Keep old schemas in the skill repository. When you update the schema, do not delete the old one. Store schemas in a schemas/ directory:

skills/
  survey-to-chart-data/
    schemas/
      v1.0.json
      v2.0.json
    SKILL.md
    transform.py
    validate_schema.py   # reads version from output, validates against correct schema

The validation script reads the schema_version field from the output and selects the appropriate schema file to validate against. This allows a single skill to produce and validate multiple schema versions during a transition period.

Document breaking changes in the SKILL.md changelog. When the output schema changes in a way that breaks existing consumers, make it explicit in the SKILL.md frontmatter with a breaking_changes field and document migration steps in the README.

When to Use a Python Helper vs. Pure Prompt¶

The decision between using a Python helper script and relying on Claude to perform the transformation in a single prompt turn is not always obvious. The rule of thumb:

Use Python when the transformation is deterministic. Column name normalization, type coercion, numeric aggregation, schema validation — these have exactly one correct answer for any given input. A Python function is faster, cheaper, and more reliable than asking Claude to reason through each row of a CSV.

Use Claude when the transformation requires judgment.

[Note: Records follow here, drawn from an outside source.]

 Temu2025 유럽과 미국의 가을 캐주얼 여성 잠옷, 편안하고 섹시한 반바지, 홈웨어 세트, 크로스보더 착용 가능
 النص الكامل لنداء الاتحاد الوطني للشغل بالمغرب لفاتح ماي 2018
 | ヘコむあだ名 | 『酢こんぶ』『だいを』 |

Inferring relationships between concepts, choosing which columns are semantically related, deciding whether a value is an outlier or a legitimate data point — these require the kind of contextual reasoning that Claude does well and Python cannot.

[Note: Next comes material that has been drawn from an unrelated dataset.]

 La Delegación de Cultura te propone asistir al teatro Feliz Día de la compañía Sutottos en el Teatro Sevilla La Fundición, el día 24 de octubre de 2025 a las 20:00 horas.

The best data format skills use both: Python for the mechanical parts, Claude for the judgment calls. The Python helper does the heavy lifting (parsing, normalizing, aggregating) and returns a partially complete structure. Claude fills in the fields that require semantic understanding (descriptions, labels, relationship types) and runs the final validation.

This division of labor also improves debugging. When a data format skill produces wrong output, you can isolate whether the problem is in the Python transformation (test the script directly) or in Claude's judgment layer (look at what structure the Python returned and how Claude modified it).

Design Checklist for Data Format Skills¶

Before shipping a data format skill, verify these properties:

Property	Check
Output schema is documented	Does `README.md` describe the output format?
Python helper exits non-zero on failure	Tested with bad input?
`allowed-tools` includes `Bash` if script runs	Frontmatter has `Bash`?
Output file is never silently overwritten	Skill checks for existing file?
Column/field names are normalized	No spaces or special chars in keys?
Example input and expected output included	`examples/` directory exists?
Validation script is separate from transform script	Two scripts, clear separation?

Summary¶

Data format skills are transformation tools: they change the shape of data without changing its meaning. The patterns that make them reliable are consistent output schemas, deterministic Python helpers for the mechanical parts, explicit tool permissions in frontmatter, and separate validation scripts that confirm output quality before Claude reports success. The data.json pattern connects data format skills to the broader MicroSim ecosystem, making them a foundational layer for any textbook or course that uses interactive visualizations.